Ever since the routine introduction of positional data in football about a decade ago, the ideal conditions for recurrence analysis have been established. There are several methodological decisions to be made prior to conducting an analysis. The phase space is quite naturally given in 40 dimensions (2 teams, 10 field players, x and y coordinate), comprehensively representing the spatio-temporal properties of collective behavior. Goalkeepers are excluded because of their atypically steady movements, which would lead to an artificial increase of recurrence.

The matches are truncated to a uniform length of 2 × 45 min without considering extra time. This was done to facilitate comparisons between matches and recurrence parameters. However, it is possible to analyse recurrence in a non-truncated match if there is only a single match of interest. Special care must be taken with game events such as substitutions and red cards.

The decision not to embed the trajectories in a higher dimensional phase space, as is typical in many other applications of recurrence analysis, is justified when we consider the phase space as a comprehensive description of the movement behavior in football. This is also advantageous, as the distances between points on the trajectory obtained with the Euclidean norm are a concrete entity—the average distance of all of the field players’ x,y-positions in two points in time.

RPs with color-coded distances are an appropriate visualization of recurrence patterns. Obviously, the color choice was arbitrary in the present study, and future efforts could result in even more impressive, visually-appealing RPs. The application of traditional recurrence parameters in football RPs is not only meaningful in the performance analysis of football, but also in other sports. These parameters allow for quantitative comparisons with other processes, for example, RPs from other sports or from reference processes like white noise, chaotic, or deterministic processes.
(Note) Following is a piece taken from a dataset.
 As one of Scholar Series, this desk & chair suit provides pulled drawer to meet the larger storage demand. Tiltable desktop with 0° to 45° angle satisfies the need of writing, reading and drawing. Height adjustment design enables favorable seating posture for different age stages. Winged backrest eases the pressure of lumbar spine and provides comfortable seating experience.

The abovementioned research strategy to import tools or theories from other scientific areas may offer an opportunity to improve or extend the imported tool by including specific features of interest. This led us to specify three football-specific recurrence parameters with the aim of further analyzing structures that may become obvious in the RPs of football matches, namely the block-like structures that are associated with longer phases of open play. The definitions of these parameters require the selection of some thresholds for the pattern detection algorithm. Although these selections are conventions and are not grounded in theoretical assumptions, the results suggest that we arrived at a valid model, allowing us to detect the targeted behavior.

### Discussion of Results

As one of the few studies applying recurrence analysis to football, our results are also the first to present color-coded RPs of football matches. The RPs offer a good description of the dynamics of football matches, despite the relative simplicity of recurrence. These dynamic features include the frequency, duration, and distribution of repetitive elements of the game that are associated with set plays and open play. RPs give a comprehensive overview of recurrence in football matches, as they allow for the qualitative characterization of repetitive structures throughout a match. Comparisons between the RPs from different matches support the notion of these distinctive between-match characteristics.
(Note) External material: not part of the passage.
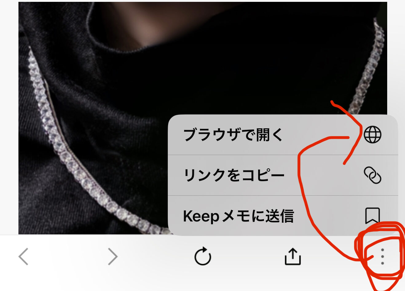 スマホの右下の縦3つ並んだ添「・」とか「-」をタップして「ブラウザで表示」から、ブラウザ表示させると、ページへ飛べます

The traditional recurrence parameters were able to describe specific aspects of the football matches and translated well in terms of practical categories of match analysis, e.g., ENTR and ENTR-V: Was a specific match more random than another, with mostly point-like recurrent features, or were there longer and more structured periods? With the findings of this study, we have identified the typical characteristics of the different recurrence parameters for football matches. As a result, the next step is to establish statistical norms and to introduce these recurrence parameters as a new family of performance indicators.

The newly-defined football-specific recurrence parameters successfully characterize unique aspects of football matches. Their correlations with the other recurrence parameters suggest that the new variables do indeed represent these aspects of the matches, with some commonalities with the traditional recurrence parameters. This finding supports the introduction of these three football-specific recurrence parameters as recurrence-based performance indicators in football.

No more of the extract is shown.